Darüber hinaus hatten sich die Produktivkräfte so entwickelt, daß die menschliche Arbeitskraft aus einem Nachfragefaktor zu einem Kostenfaktor geworden war. Die Arbeiter wurden ohne Vergütung und in großer Zahl entlassen. Eine Rückkoppelungswirkung trat ein: Bei sinkenden Löhnen und um sich greifender Arbeitslosigkeit fehlte der Masse potentieller Konsumenten das Geld. „Autos kaufen keine Autos“, heißt es. Und wo nicht konsumiert wird, stehen immer mehr Bänder still.
So stiegen die großen Unternehmen in die Finanzwirtschaft ein, erhöhten also nicht mehr den Kapitalstock, sondern begaben sich mit ihren industriell erzeugten Gewinnen auf den Geldmarkt. Dort aber benötigte man neben Anbietern auch Abnehmer. Es gibt Schuldner und Gläubiger. Da die Schlüsselindustrie immer weniger in Frage kommt, Geld aber „arbeiten“ muß, gilt es, in den Mittelschichten und bei eigentlich Besitzlosen Märkte zu schaffen.

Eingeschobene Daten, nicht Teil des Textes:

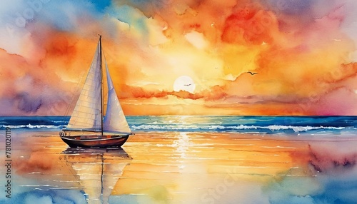 watercolor, painting, sunset, high tide, gold, sand, calm, sea, coloured, cloud, ray, light, sailing, boat, fish, shimmering, vibrant, beautiful, painterly, detailed, textural, artistic, nature, scenery, landscape, seascape, twilight, dusk, evening, sky, horizon, coast, shore, beach, wave, ocean, marin, nautical, maritime, yacht, sail, water, sailboat, ship, summer, travel, vacation, sport

Hier beginnt die alchemistische Phase des Finanzkapitalismus. Es wird auf Teufel-komm-raus Geld verliehen – für privaten Konsum, Hauskäufe, Urlaubsreisen und auch an jene, welche es gar nicht zurückzahlen können. Man verleiht Unsummen an Klienten, die eigentlich gar keine sind.
Am Anfang war es so, daß die USA Riesenmengen Dollars druckten, um ihren Krieg in Vietnam zu finanzieren. Präsident Nixon trennte den Dollar dann von der ohnehin nur noch theoretisch bestehenden Golddeckung. Geld entstand nun zunehmend ohne den früher üblichen Umweg über die Fabriken. Schließlich stellten es die Banken selbst her, indem sie fiktives Geld zu verleihen begannen, das es vorher gar nicht gegeben hatte. Indem Banken Schuldner produzieren, schöpfen sie Geld, und so entstehen enorme Vermögen buchstäblich aus dem Nichts. (Banken müssen heute in der Euro-Zone nur 1 % der von ihnen verbuchten Beträge bei der Europäischen Zentralbank als tatsächlich vorhandenes Bargeld deponieren, die restlichen 99 % können sie ihren Kunden als Kredite gutschreiben.)

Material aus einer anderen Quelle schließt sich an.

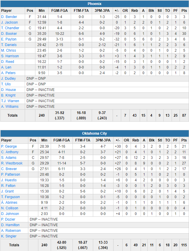 OKC a fait parler son collectif avec ses 5 titulaires à au moins 10 points mais aucun à plus de 30 minutes. Russell Westbrook signe 27 points à 11/14, 8 rebonds et 9 passes, Paul George ajoute 21 points et Corey Brewer 17 points. Le Thunder a shooté à 52.5% dont un 13/33 derrière l’arc alors que les Suns ont vécu un calvaire en attaque avec 33.7% et Devin Booker a été seul au moins puisqu’il est le seul à marquer plus de 10 points avec 30 unités à 10/22 dont 4/9 derrière l’arc.

Die Zauberformel der Alchimisten der Finanzindustrie sind inzwischen raffinierte Techniken geworden, um Kredite unterschiedlichster Qualität in sogenannten Paketen zu bündeln, die sie weltweit verkaufen. Vor allem europäische Banken haben da zugegriffen.

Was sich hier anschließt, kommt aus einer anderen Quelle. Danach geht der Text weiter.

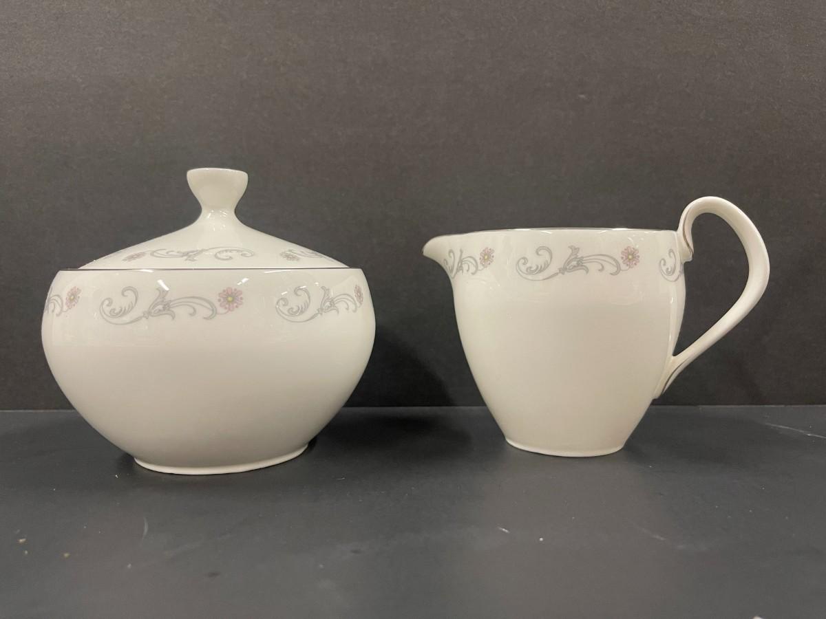 Vintage Royal Worcester china sugar and creamer, Bridal Lace. Each piece is in excellent condition. Sugar bowl is 4" x 4" and the creamer is 5" x 3 1/2" high.

Als sie dann jedoch unter der Last fauler Kredite zusammenzubrechen drohten, sprangen die Staaten ein, um ihnen Rettungspakete zuzuwerfen. Aus dem Nichts zauberten die Kapitalisten sogenannte Blasen, die irgendwann platzen und Menschen wie Staaten – man denke an Spanien, Griechenland, Portugal und jüngst auch Argentinien – ins Elend stürzen. Doch das Spiel geht weiter – nichts wäre in einer Schuldenökonomie schlimmer als keine neue Blase!